Message digests for forensic purposes

I found a question in my studies whose answer I didn’t like. So I’ll repeat the question and the choices, and state what I think the answer should be and why I think that way. Any experts out there who might be reading can feel free to chime in.

Which of the following is a potential problem when creating a message digest for forensic purposes?

A. It’s an extremely slow process
B. The message digest is almost as long as the data
C. The last access time of the file is changed
D. One-way hashing technology invalidates message digest processing

First, a tiny bit of background: The idea here is that if you have a hard drive for forensic/evidence purposes, you need to prove the drive hasn’t been modified. So after making a bit-level copy of the drive, you take an MD5 or a SHA-1 value. Then you do your investigations on the copy, and use the MD5 or SHA-1 to demonstrate you didn’t plant the evidence you say you found.

We’ll start with answer D. That response is self-contradictory. One-way hashing is another name for message digest processing. The process doesn’t invalidate itself, at least not if you do it right. So we can eliminate D immediately. Good test-taking practice.

Working backward, answer C is much better. If you do it wrong, you certainly can change the last access time of any files you look at.
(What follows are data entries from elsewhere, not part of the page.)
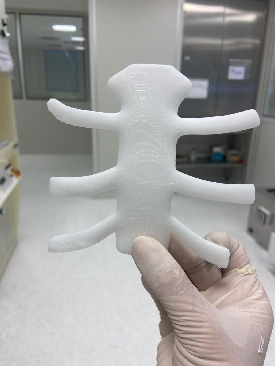 Bizim ürünümüzün biyomimitik bir yapısı var. Bu da doğal kemiğe çok yakın bir esneklik ve gözeneklilik sunuyor. Biz üretimlerimizi gözenekli bir yapı üzerinde hazırlıyoruz. Bu da vücut içerisine uygulandığı zaman çift taraflı damarlaşma (vaskülerizasyon) dediğimiz süreci sağlıyor. Cerrah herhangi bir operasyon sırasında, çok rahat bir şekilde bizim ürünümüzü alıp istediği gibimanipüle edebiliyor, onu matkapla çok rahat bir şekilde geçebiliyor, kesebiliyor, şekillendirebiliyor, fiksasyon yapabiliyor.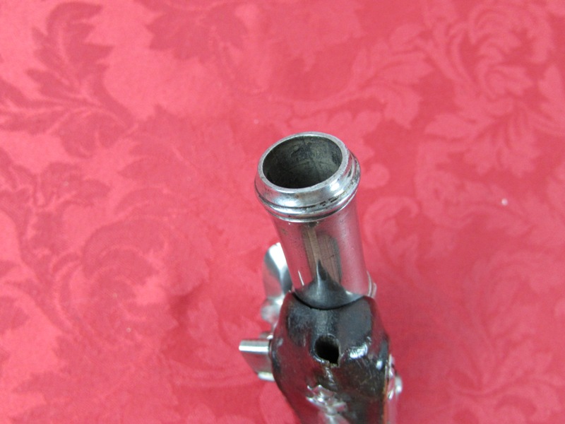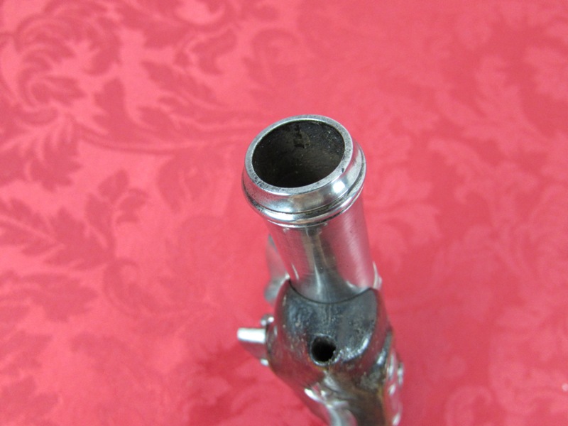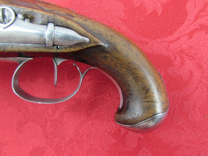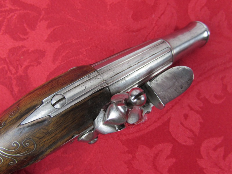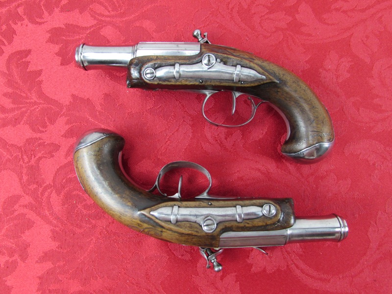 In fine overall condition. 100% authentic.  6 3/4inch overall length. Nice 3 ¼ inch ribbed barrels. No visible markings. Fine to excellent lightly cleaned metal. Excellent actions. Fine bores. Fine stocks with a nice inlaid silver wire décor. No ramrods. A very attractive flintlock pair! Free shipping.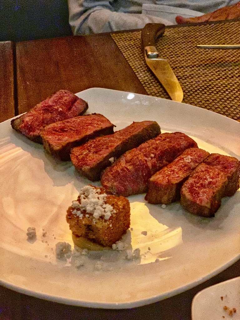 That piece on the right my friends, was the most incredible bite of steak I have ever had. It was like butter. Rich, umami and intense steak flavor, with melt in your mouth marbling. I am now forever ruined because I know that the rib eye in the fridge will never compare to that bite of meat.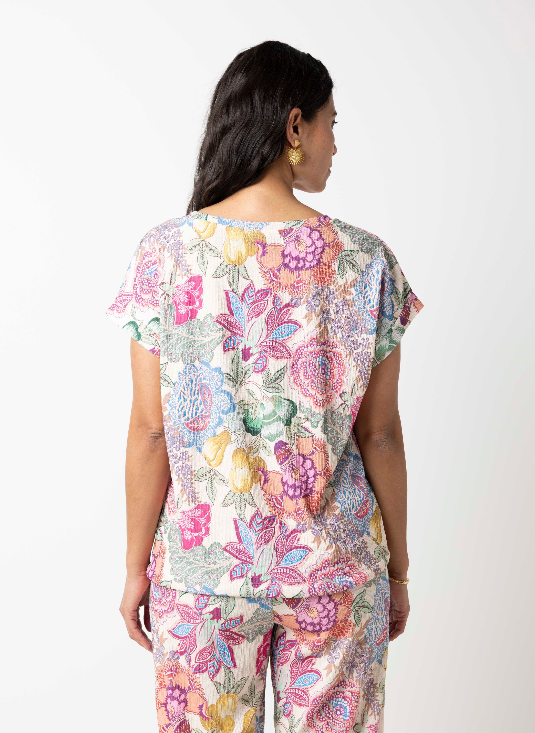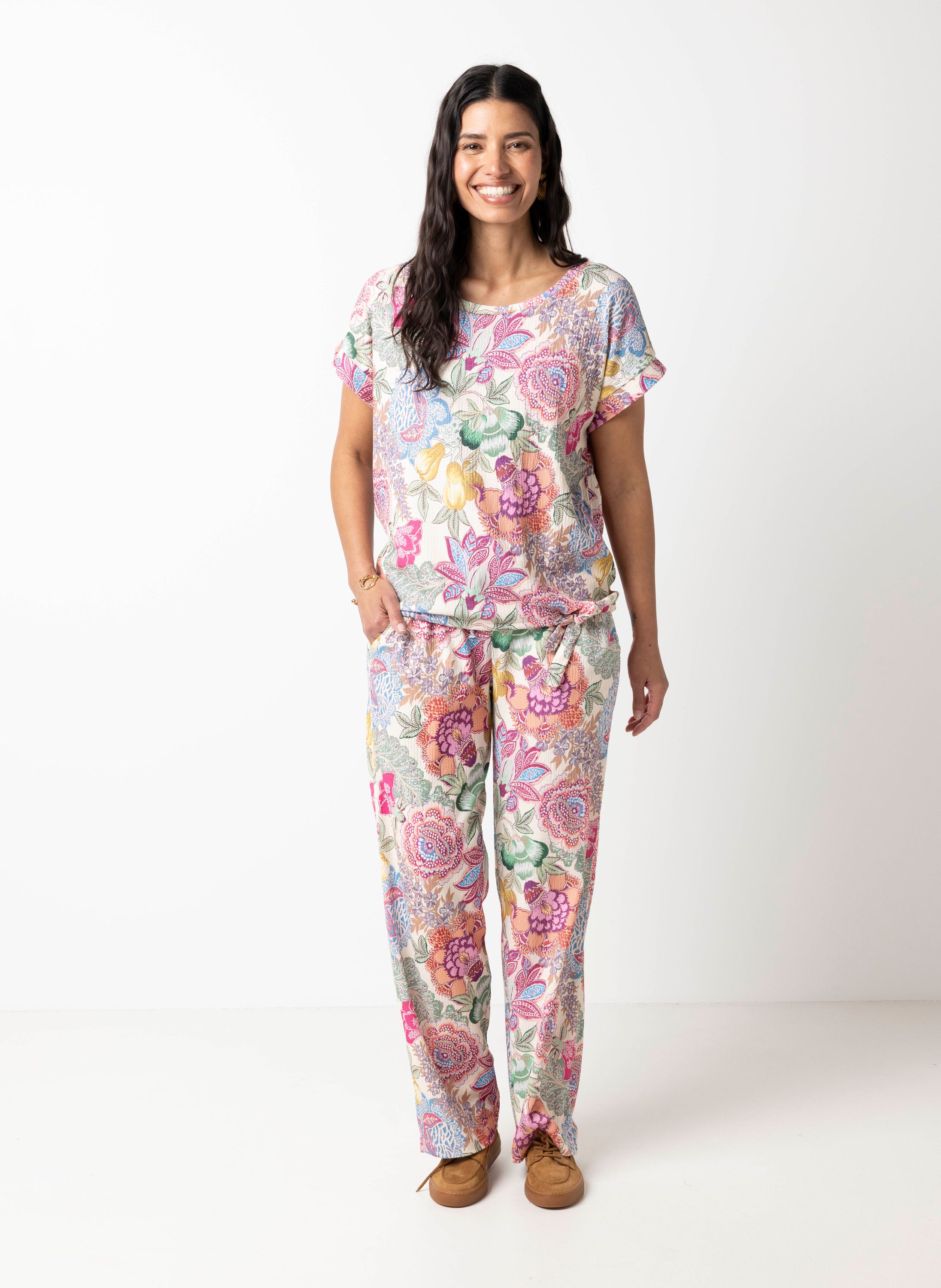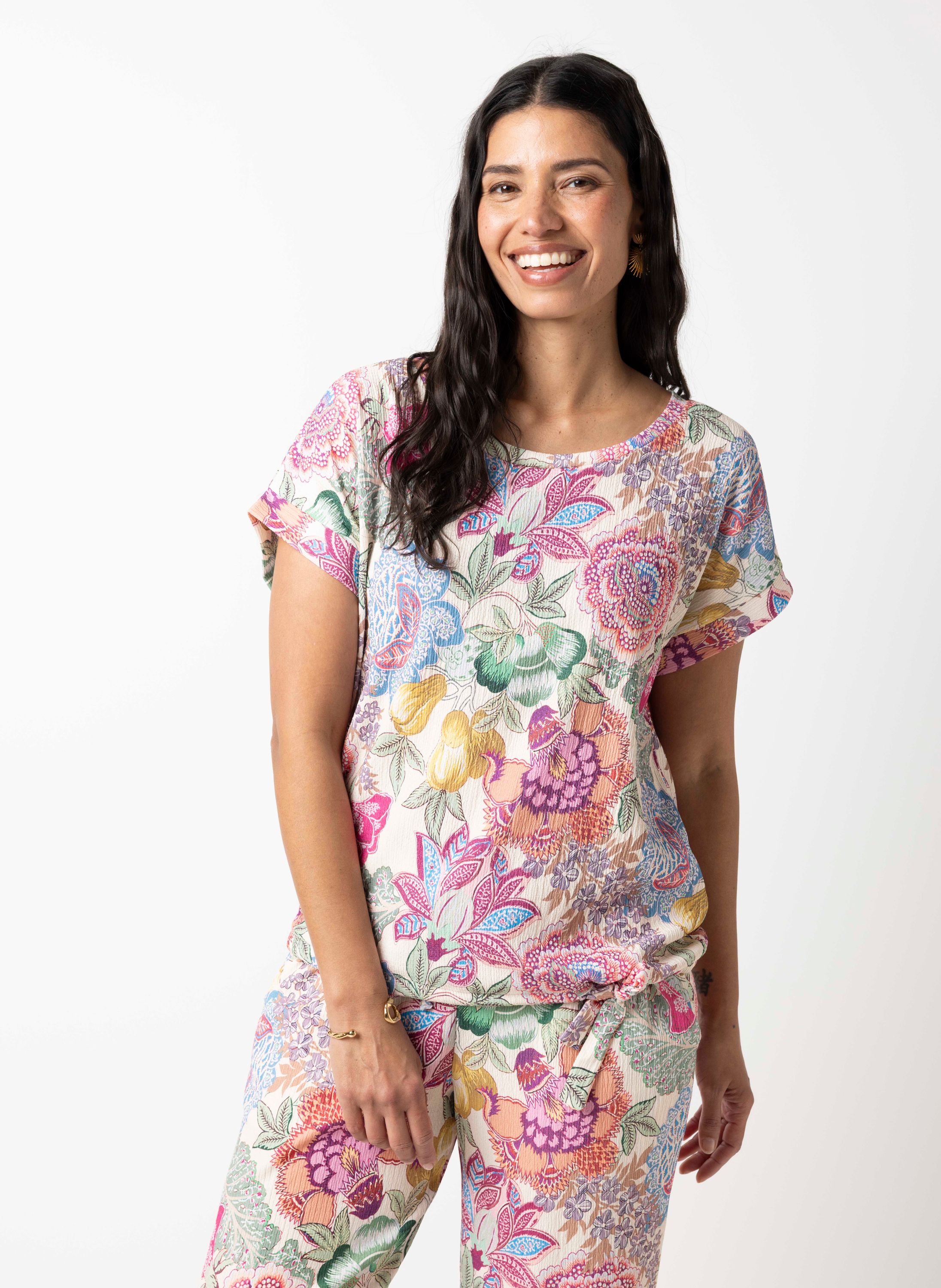 Dit shirt met ronde hals, aangeknipte korte mouwen en strikkoord maakt deel uit van een co-ord set.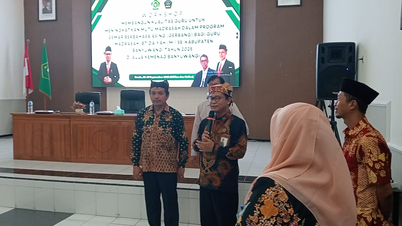 Banyuwangi, Actanews.id — Sebanyak 140 guru Madrasah Ibtidaiyah (MI) se-Kabupaten Banyuwangi mengikuti Workshop Gemar Berbahasa Asing yang digelar Kelompok Kerja Guru Kelas MI pada Kamis, 25 September 2025, di aula bawah Kantor Kementerian Agama Kabupaten Banyuwangi.
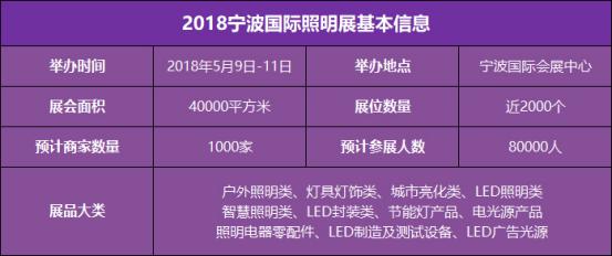 自2010年起,寧波國際照明展覽會已成功舉辦了多屆,每屆的展覽規模、參加商家、參展人數均有較大幅度的增長。2018年5月9日至11日,寧波國際照明展覽會將再次在寧波國際會展中心舉辦。展覽會將延續前一屆的展出規模,預展出面積達4萬平方米,將設置特色展示空間近2000個。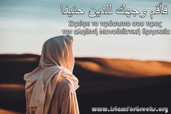 «Στρέψε το πρόσωπο σου προς την αληθινή Μονοθεϊστική θρησκεία, (μακριά από τις ψεύτικες). Είναι η φύτρα (φυσική κατάσταση Μονοθεϊστικής πίστης) με την οποία ο Αλλάχ έπλασε το ανθρώπινο γένος. Καμιά αλλαγή να μην υπάρξει στη δημιουργία και θρησκεία του Αλλάχ (Μονοθεϊσμός – Ισλάμ). Αυτή είναι η αληθινή Θρησκεία. Κι όμως οι πιο πολλοί από τους ανθρώπους δεν καταλαβαίνουν.
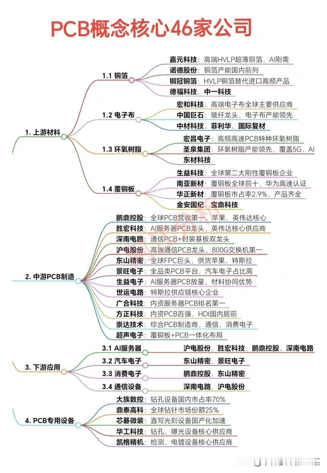 AI服务器主线:胜宏科技是AI服务器PCB绝对龙头,英伟达核心供应商;鹏鼎控股全球PCB营收第一,深度绑定苹果、英伟达;沪电股份是高端通信PCB龙头,800G交换机市占率第一;深南电路是通信PCB+封装基板双龙头。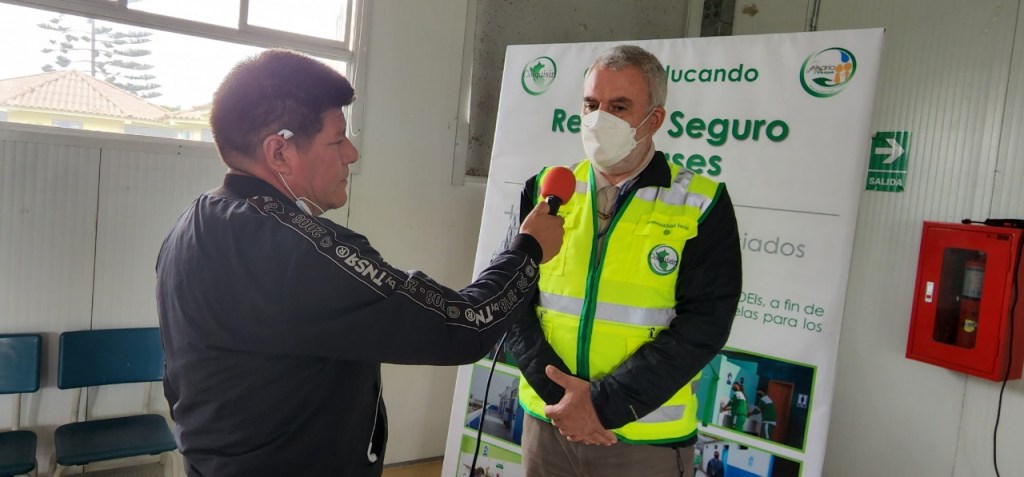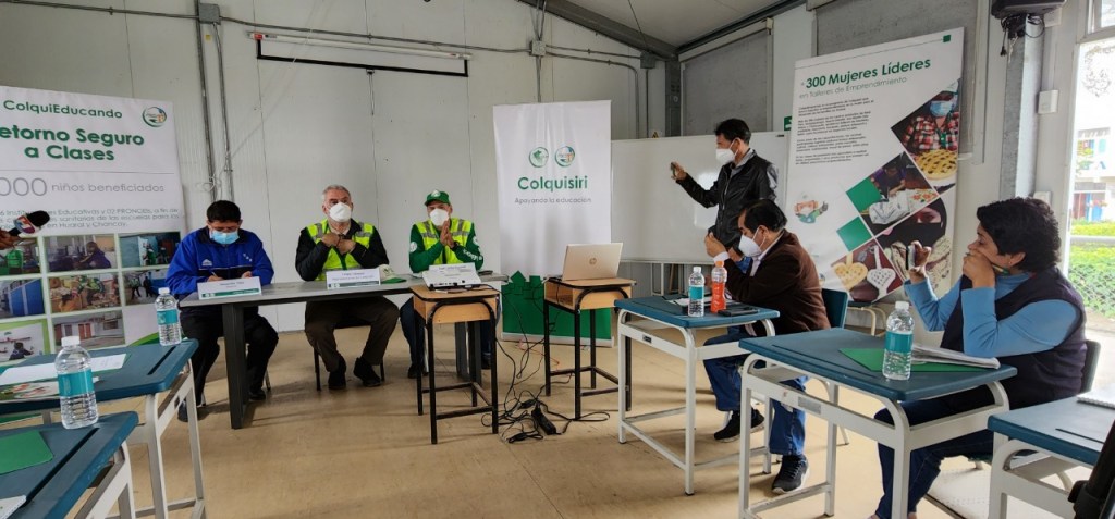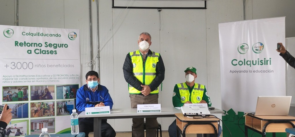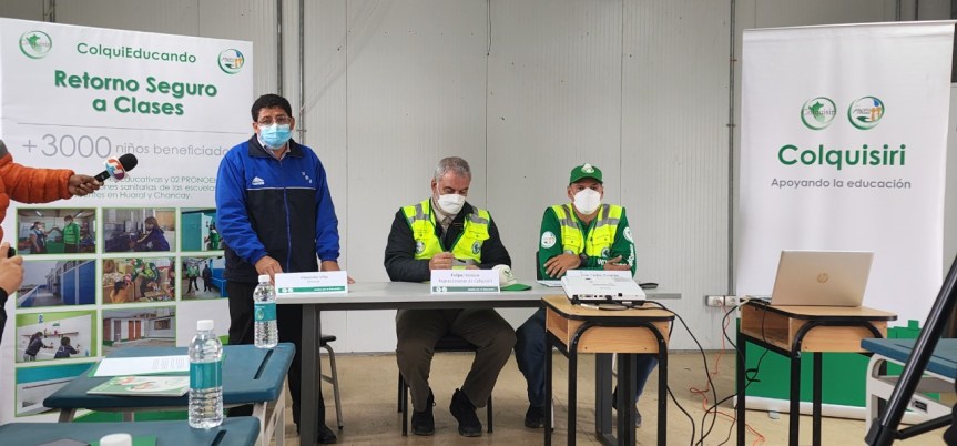 En conferencia de prensa desarrollado en el auditorio de la Institución Educativa Nuestra Señora de Fátima de Quepepampa por representantes de Minera Colquisiri sobre el apoyo que viene brindando a los colegios y PRONOEI para un retorno seguro a clase en el presente año 2022 luego de haber superado el tema de la pandemia.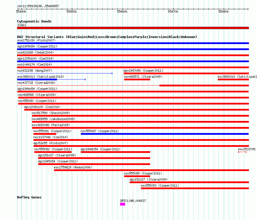 Variant DetailsVariant: dgv1944n54| Internal ID | 22769839 | | Landmark | | | Location Information | | | Cytoband | 11q11 | | Allele length | | Assembly | Allele length | | hg38 | 45660 | | hg19 | 45660 | | hg18 | 45660 |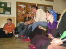 Lovci Veverek si vyměňují zážitky s Katyinou družinou.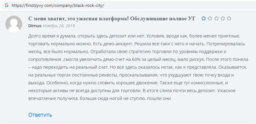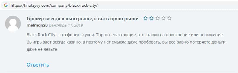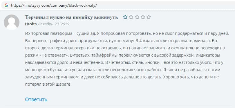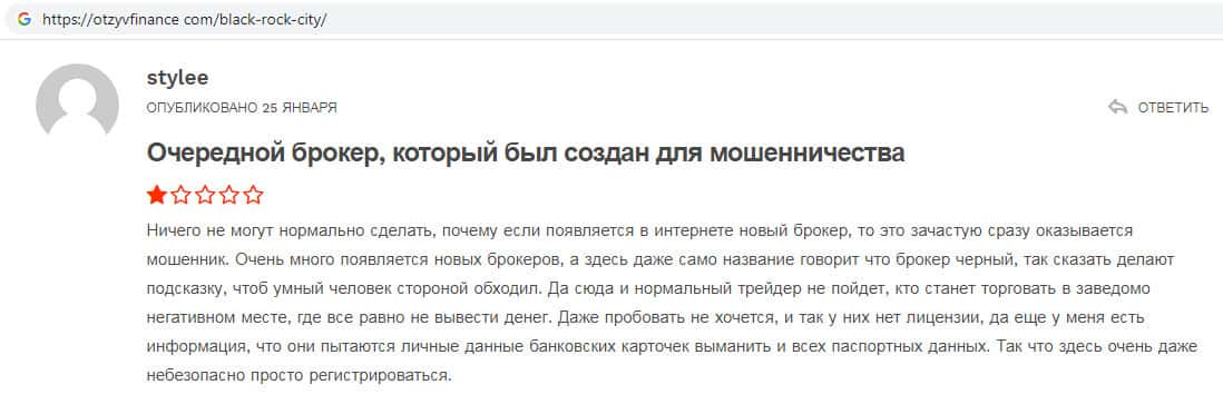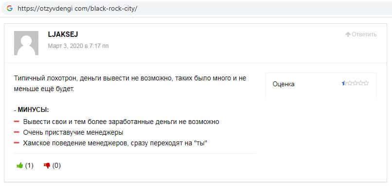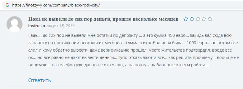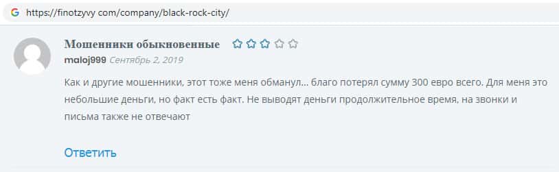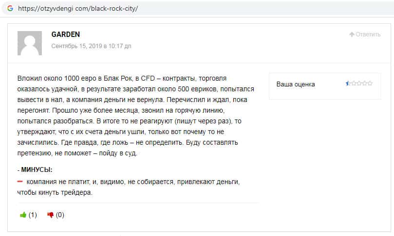 На веб-ресурсе otzyvdengi com обнаружен отзыв о жуликах Блек Рок Брокер, автор которого пишет, что потерял на их фальшивом сайте 1000 евро. Аферисты списали все денежные средства с торгового счета, которые так и не пришли на банковскую карту пользователя. Подобной мошеннической уловкой пользуется большинство подобных интернет-лохотронов.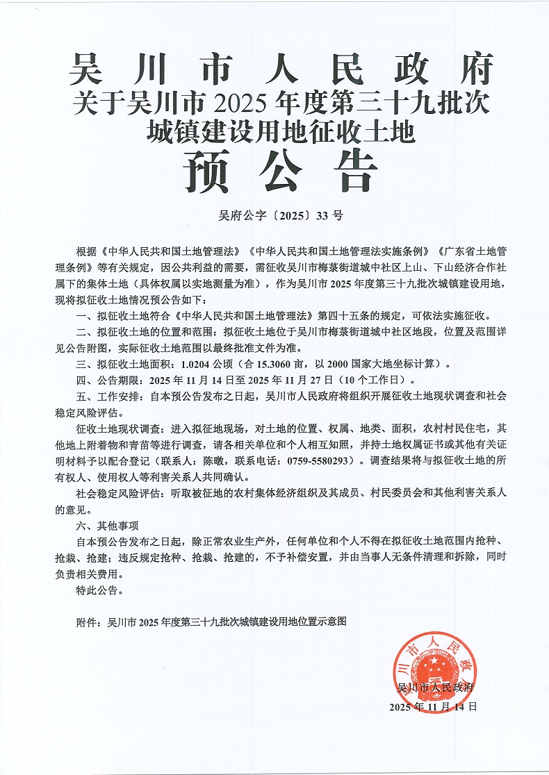 吴川市2025年第三十九批次建设用地位置图和征地预公告

But that’s why you examine a bit-level copy of the drive, not the original drive. And you can work around that issue, by examining the drive with a sector editor–something you want to do anyway, since some of the information you’ll want to look at will no longer be a valid part of any file–and, if you need to access things at the file level, by mounting the drive read-only. Using a sector editor or mounting a drive read-only are moderately advanced skills, but if you don’t know how to do those things, you don’t need to be doing forensics. Someone who does forensics every day may even know some other tricks–I’ve only done forensics twice in my career. Suffice it to say, if a professional is doing the job, answer C won’t be a problem.

Answer B is wrong by definition. Message digests are always a fixed length, whether you take a message digest of a single character or of a 4-terabyte hard drive. They’re short enough that you can inspect them visually to see if the values match. So B is another garbage answer.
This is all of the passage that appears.